Ich habe seit einigen Tagen den im Titel beschriebenen Fehler an einer EMAG-Schleifmaschine HG204S.
Ich habe bisher sowohl den Lüftereinschub als auch die NCU-Box getauscht.
Der Fehler steht weiter an, verhält sich aber wie eine Meldung, da ich mit der Anlage trotzdem produzieren kann.
Was kann ich noch machen?

Grüße


----------



## DeltaMikeAir (29 August 2019)

Was ist es denn für ein NCU Typ, manche haben unterhalb noch einen Einschub


----------



## DeltaMikeAir (29 August 2019)

> Ich habe bisher sowohl den Lüftereinschub als auch die NCU-Box getauscht.
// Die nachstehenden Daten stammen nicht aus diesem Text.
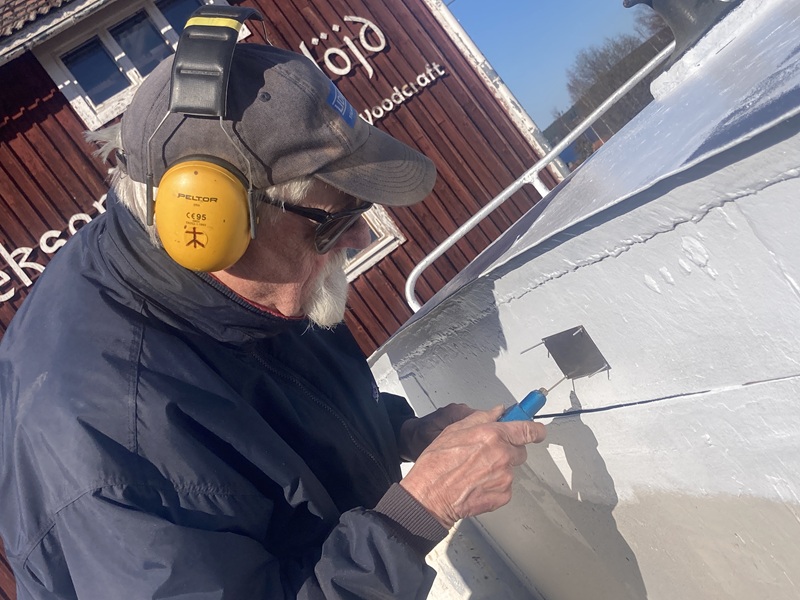 Byte av maskin. Ny tank monterad under akterdäcket Foto Göran Åström

Ok, anscheinend schon gewechselt. Waren das denn Neuteile?


----------



## SebastianZF (29 August 2019)

Jap Neuteile von Siemens...Leider kann ich dem Benutzerhandbuch auch keine weiteren Informationen entnehmen.


----------



## DeltaMikeAir (29 August 2019)

Mit "Löschtaste bzw. NC-START Alarm löschen" funktioniert nicht?


----------



## DeltaMikeAir (29 August 2019)

Auch wenn die Fehlermeldung nicht darauf hindeutet aber könnte es sein, das innen auf der CPU noch ein Lüfter sitzt?
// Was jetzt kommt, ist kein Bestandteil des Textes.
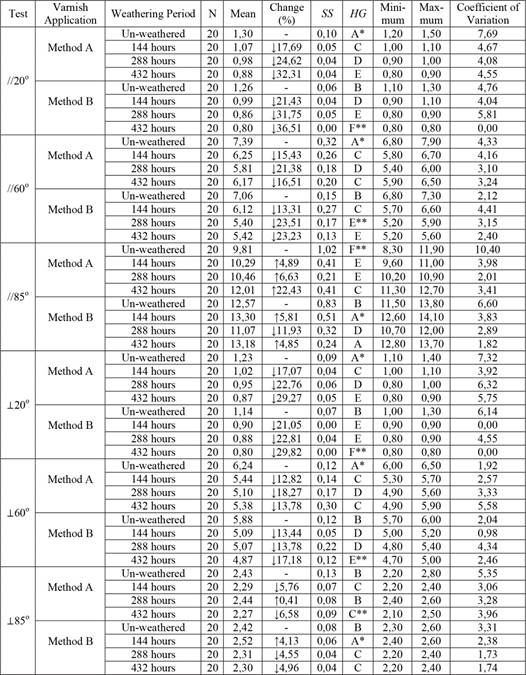 The minimum and maximum values, average and standard deviations were determined. A two-way analysis of variance was made, and homogeneity groups were determined with the data obtained before and after weathering of both varnish applications for glossiness, color and adhesion strength using the SPSS program (Sun Microsystems, Inc., 4150 Network Circle, Santa Clara, CA, USA).

https://support.industry.siemens.com/tf/WW/de/posts/2120-nck-fan-alarm/97792?page=0&pageSize=10


----------



## HaDi (29 August 2019)

Wenn die eingebauten Ersatzteile (NCU-Box, Lüftermodul) die richtigen und i.O. sind dann kann es m.M.n. nur noch an der NCU liegen.

Grüße von HaDi


----------



## SebastianZF (5 Dezember 2019)

Hallo, leider habe ich bis jetzt keinen Zeitraum bekommen um die NCU zu tauschen. Man hat sich an die Anzeige gewöhnt...eher wurde angefragt die Fehlermeldungen auszublenden als sich mal zeit zu nehmen das eigentliche Problem zu beheben...Ich werde mich melden sobald das Bauteil getauscht ist...


----------



## DeltaMikeAir (5 Dezember 2019)

> Man hat sich an die Anzeige gewöhnt...eher wurde angefragt die Fehlermeldungen auszublenden


Und zu warten bis sie komplett defekt ist ( Hitzetod ).....


----------